I don't know what the solution is. Maybe we need some rules passed by the FCC that mandates that the processing not materially change the sonic qualities of the programming. Or, maybe ASCAP/BMI needs to step in and demand that their performances not be marred by the transmission process. IOW, PROGRAM sounds just like AIR.

You and I know this will never happen for hundreds of reasons. If London radio sounds as you describe, I would bet a lot of $$$ that the processing is dictated by Engineering, and not by the Programming department. That's what we need here in this country. As long as we keep convincing ourselves that better audio will save radio, we need to change our attitude about on-air quality, and not bother with Digital until the consumers demand it, which they, quite likely, will not.

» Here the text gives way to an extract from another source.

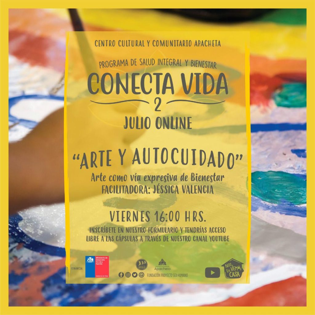 El Centro Comunitario Apacheta de Paipote, está convocando a participar en el taller denominado «Arte y Autocuidado» una vía expresiva para el bienestar, modalidad on line; del Programa de Salud Integral y Bienestar Conecta Vida 2, Chile Compromiso de Todos-2019, del Ministerio de Desarrollo Social y Familia.

Wouldn't it be a hell of a lot cheaper to have a nationwide drive for transparent audio processing with an on-air campaign about "the new 21st century sound of radio"? If the public responds, then design an even higher quality radio system using Digital. Neither will happen..Instead, we would rather roll out an expensive technology rather than improving on what we have. That way if there is a dismal failure, we can blame the new technology instead of ourselves.

Sad to say that we will continue to lose audience in either case, because of Broadcasting's apparent refusal to listen to the consumer, or to even ask the consumers what they want.

I have asked membership of this forum several times to produce some audience research that describes what the consumer wants. That request goes unanswered. I can only conclude that their IS NO market research. That's a problem.